YOUR TASK. Please return the data that follows precisely as written, but without the images.

* * *

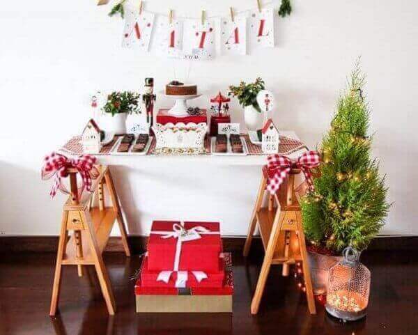 Para você elaborar uma decoração de natal simples, aposte no artesanato em geral e nas cores tradicionais da festa como o vermelho, verde e o branco. Você também pode usar a cor dourada nos detalhes para realçar a decoração do seu espaço.
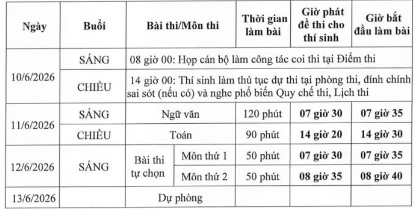Chi tiết lịch thi tốt nghiệp THPT năm 2026.
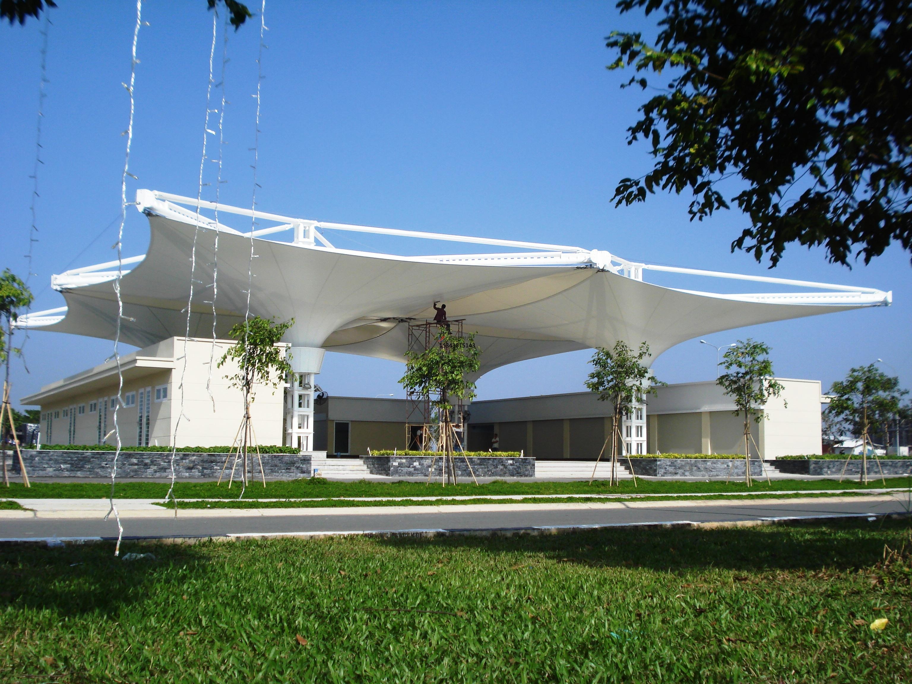 景觀膜結構遮陽棚的一個重要作用就是具有非常強的抗壓功能,抵抗各種天色變化,如日曬、雨淋、風雪、臺風等對其壓力的影響,保持建筑物的結構的韌性、結構的穩(wěn)定性。選定景觀膜結構遮陽棚的膜面的形態(tài)和材料時要考慮到所有可能的天色狀況,并盡可能利用建筑本身等被動方法來減少帶來的風險。為了招架風雪,膜面的外形應使排水通暢使捷,避免在其上形成水兜或雪的堆積。
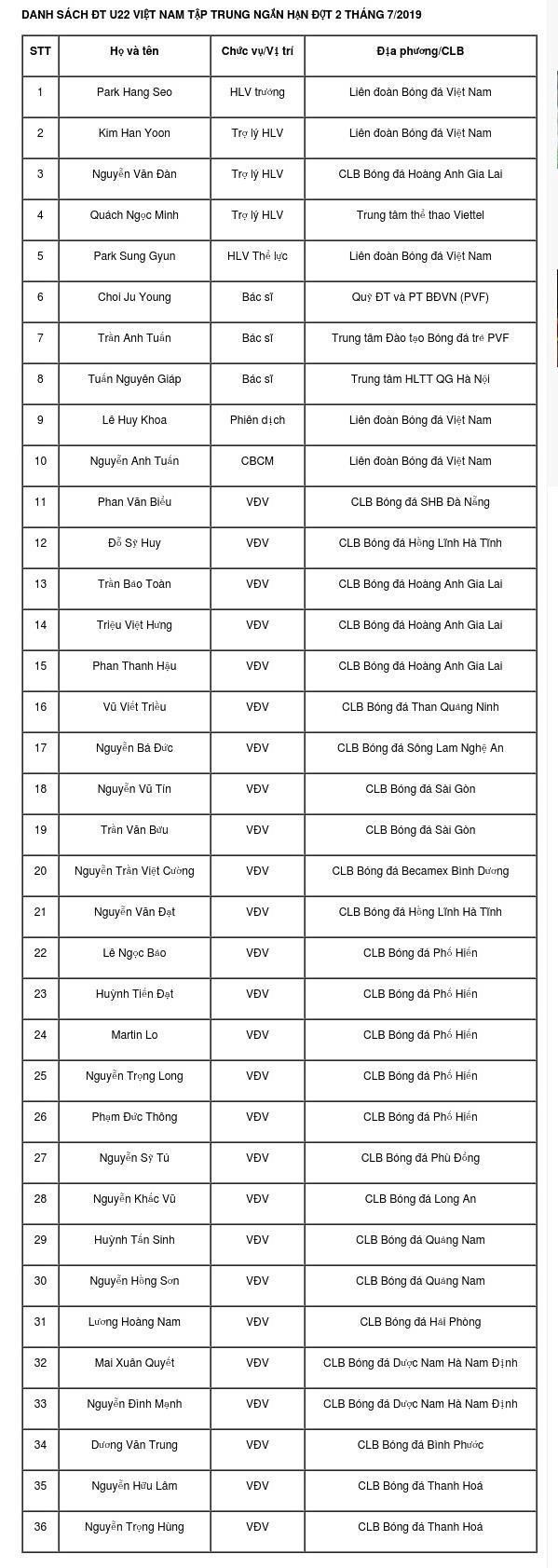 Bên cạnh những người đã góp mặt ở đợt tập trung gần nhất, HLV Park đã gọi lại nhiều cái tên quen thuộc như Triệu Việt Hưng, Huỳnh Tấn Sinh, Phan Thanh Hậu, Lương Hoàng Nam.
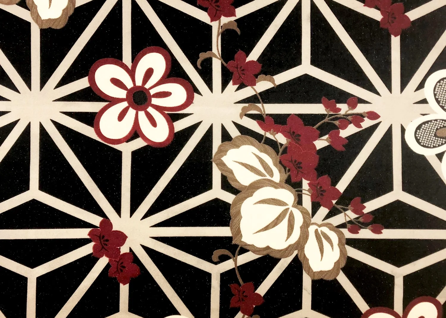 In this pattern, large Asanoha forms create a bold base, upon which equally striking plum blossoms and paulownia motifs are arranged. The generous scale and confident composition give the design a powerful presence. Its vivid colors and dynamic layout reflect a time when kimono designs became increasingly expressive and decorative.
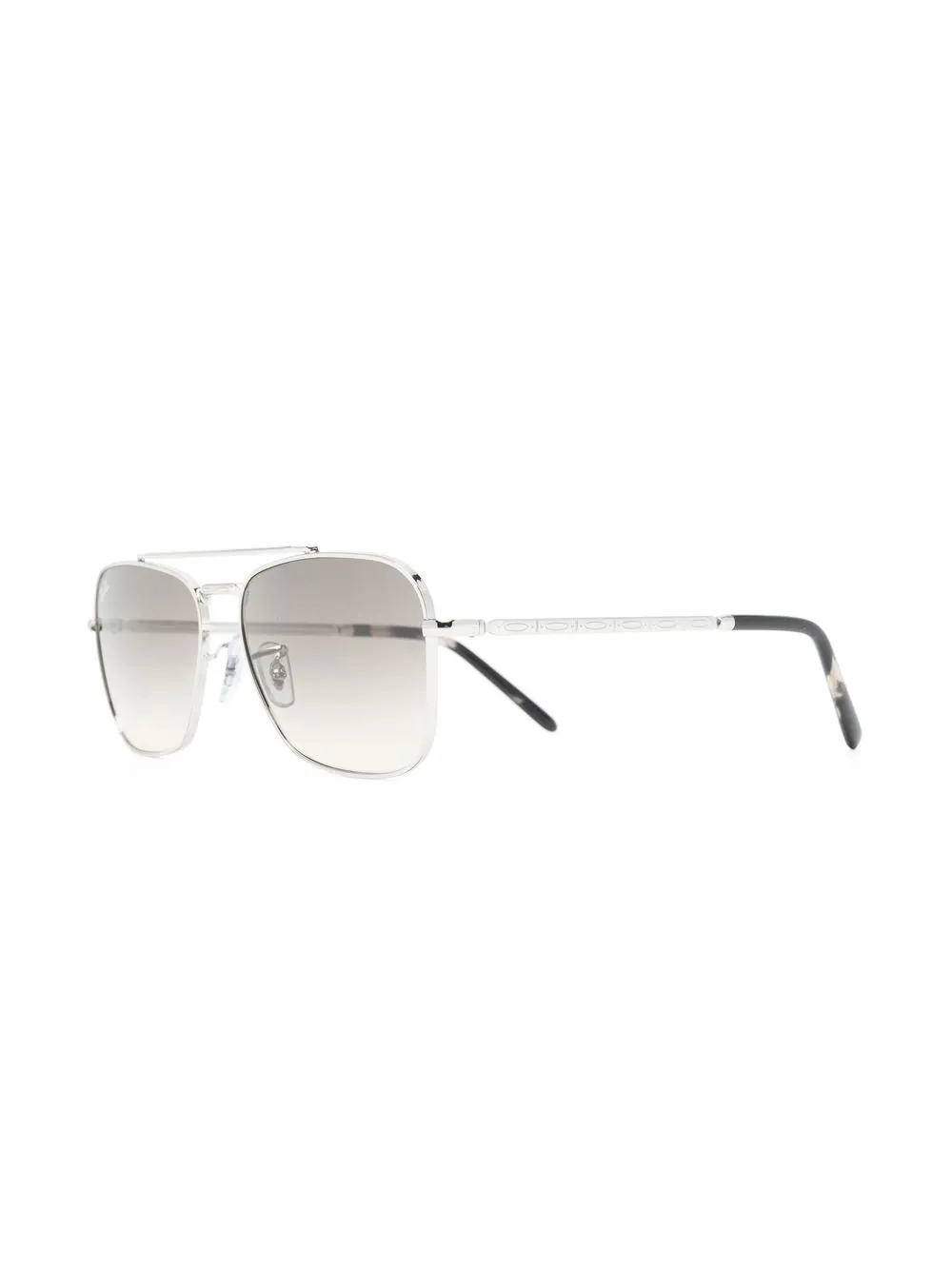 Aviator montuur, grijze glazen, gewelfde pootjes en dubbele neusbrug. Deze bril wordt verkocht met een beschermhoes..

* * *

REPLY.
 Para você elaborar uma decoração de natal simples, aposte no artesanato em geral e nas cores tradicionais da festa como o vermelho, verde e o branco. Você também pode usar a cor dourada nos detalhes para realçar a decoração do seu espaço.
Chi tiết lịch thi tốt nghiệp THPT năm 2026.
 景觀膜結構遮陽棚的一個重要作用就是具有非常強的抗壓功能,抵抗各種天色變化,如日曬、雨淋、風雪、臺風等對其壓力的影響,保持建筑物的結構的韌性、結構的穩(wěn)定性。選定景觀膜結構遮陽棚的膜面的形態(tài)和材料時要考慮到所有可能的天色狀況,并盡可能利用建筑本身等被動方法來減少帶來的風險。為了招架風雪,膜面的外形應使排水通暢使捷,避免在其上形成水兜或雪的堆積。
 Bên cạnh những người đã góp mặt ở đợt tập trung gần nhất, HLV Park đã gọi lại nhiều cái tên quen thuộc như Triệu Việt Hưng, Huỳnh Tấn Sinh, Phan Thanh Hậu, Lương Hoàng Nam.
 In this pattern, large Asanoha forms create a bold base, upon which equally striking plum blossoms and paulownia motifs are arranged. The generous scale and confident composition give the design a powerful presence. Its vivid colors and dynamic layout reflect a time when kimono designs became increasingly expressive and decorative.
 Aviator montuur, grijze glazen, gewelfde pootjes en dubbele neusbrug. Deze bril wordt verkocht met een beschermhoes..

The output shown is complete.